On to the nightmare I mentioned earlier…. I made a trip to Kaohsiung’s “Dream Mall” yesterday. It’s at least 10 floors of retail clusterf*ck. I don’t really care for malls in general but thought this would be worth seeing. Indeed it was. However, I have done too many drugs in my life to handle this place. I have reoccurring nightmares about Escher drawing-type endless escalator rides and this mall was that come to life. There were a ton of cool shops, but I have no idea how you could cover this place in one day.
The Daiso Japan store is rocking chain of dollar stores where I got some paper lanterns for cheap. The mall also had several food courts — one of which was dedicated solely to Japanese food. I thought I had died and gone to kastudon heaven.
I got turned around in trying to find the elevator to the roof, where there is a carnival and Ferris wheel. I was desperately trying to avoid the escalators, in the process I nearly had a panic attack in not being to find my way off the seventh floor. The room started to spin a little bit. I eventually did find my way to the roof top, which was one floor above the IMAX theater.

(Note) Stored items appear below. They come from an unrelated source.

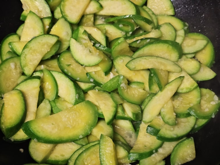 애호박을 프라이팬에 넣은 후, 바로 다진 마늘 1/2큰술을 애호박 위에 골고루 뿌려줍니다. 이렇게 마늘을 함께 넣고 볶으면 향긋한 마늘 향이 애호박에 배어 더욱 맛있어져요.
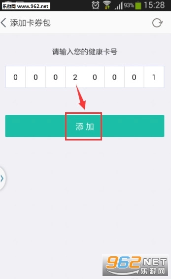 输入8位健康卡号,点击“添加”按钮
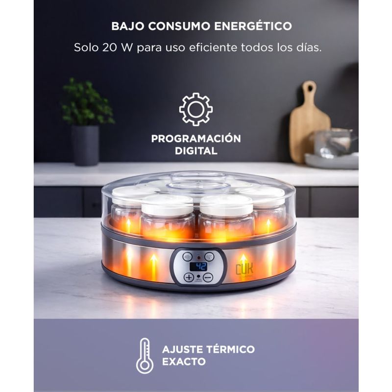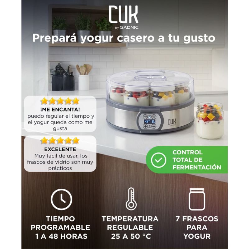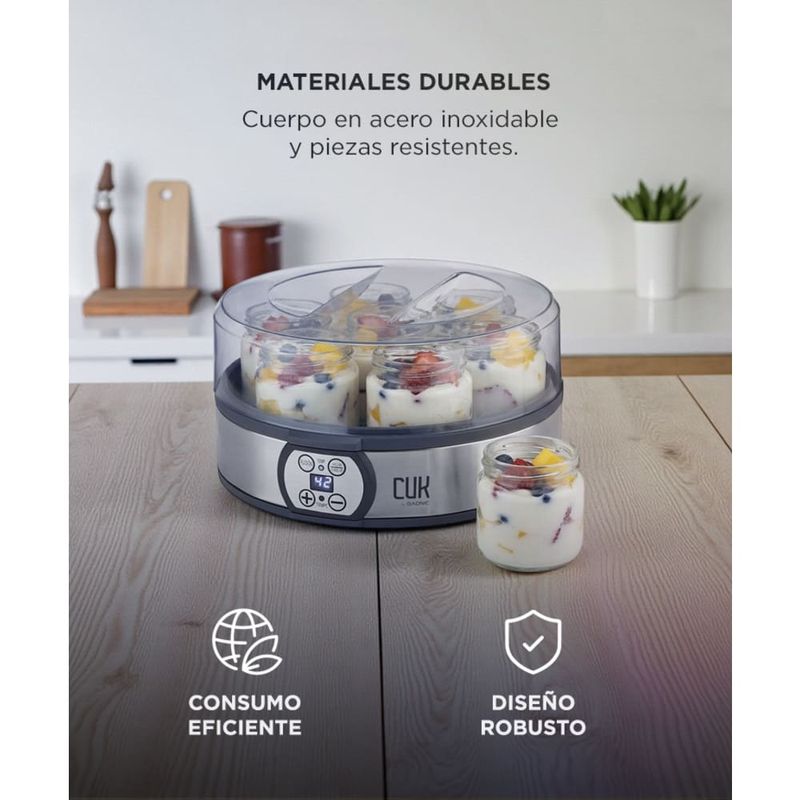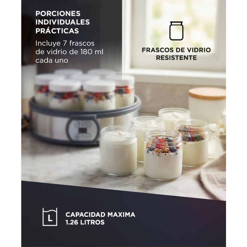 Prepará yogur casero sin conservantes ni aditivos. Su rango de temperatura y fermentación controlada permite obtener yogur firme o estilo griego con mayor densidad.
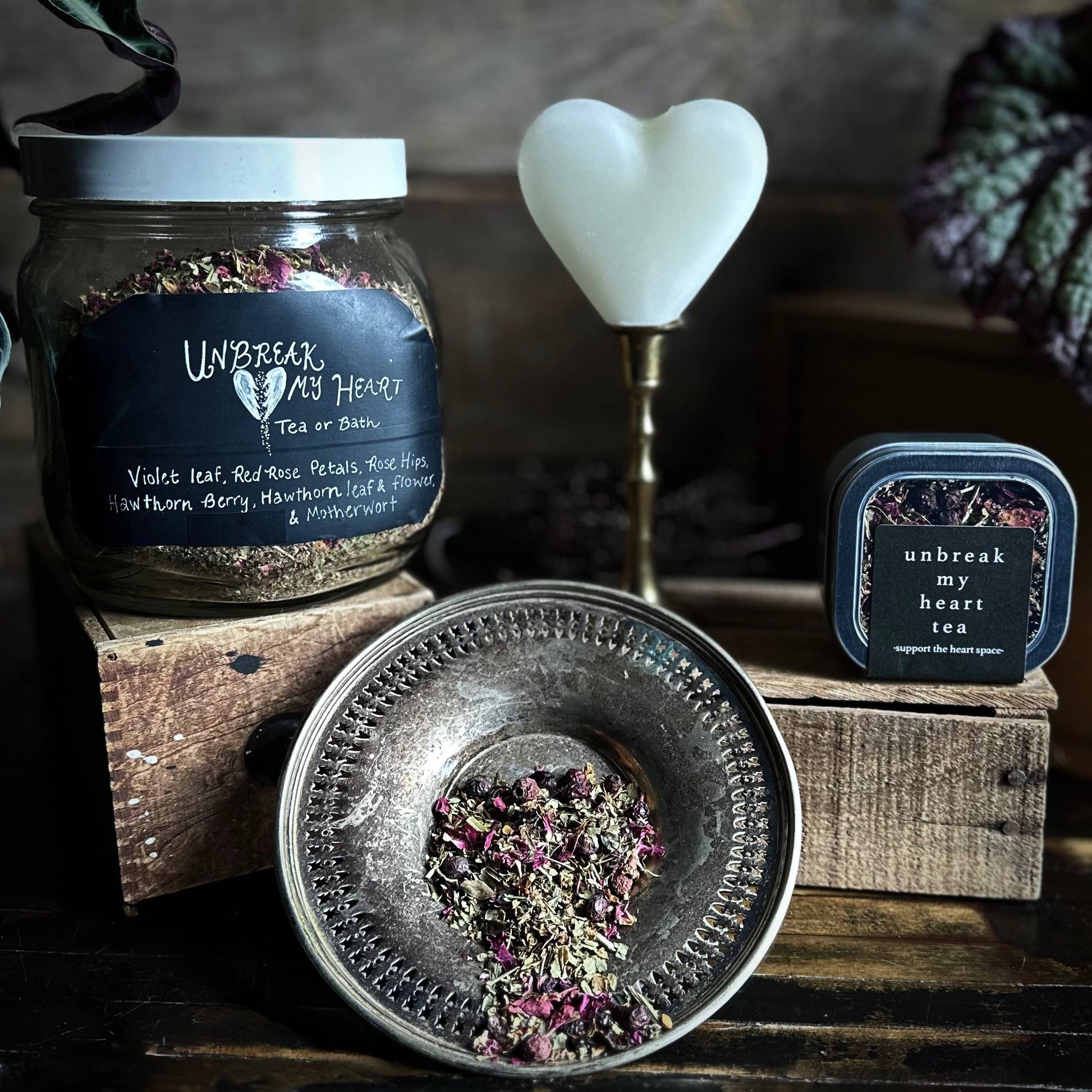 Handcrafted in Denver, Unbreak My Heart Tea or Bath is made with intention for ritual use for healing grief or loss, mending a broken heart, and healing love endings.
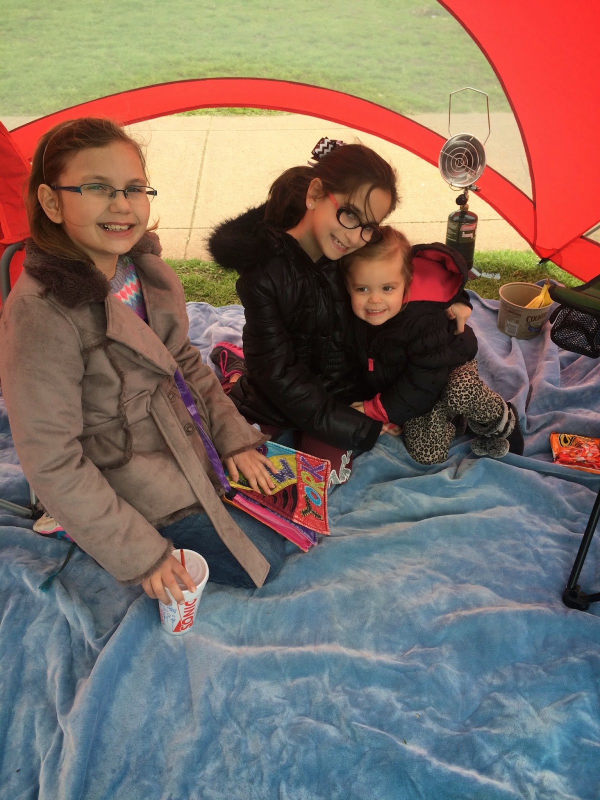 It was a super cold day for baseball and these sisters were lucky enough to have a tent complete with propane heater to hand out in.

Once on the roof, faced with the cartoon carnival, I couldn’t stop thinking about a quote from ‘Fear and Loathing in Las Vegas’, from the part when Dr. Gonzo and Hunter Thompson enter Circus Circus: “This is what the whole hip world would be doing on a Saturday night if the Nazi’s had won the war. This was the sixth reich.” Or something like that. So after three hours of mania, I left the Dream Mall, reminded why I do most of my shopping online these days.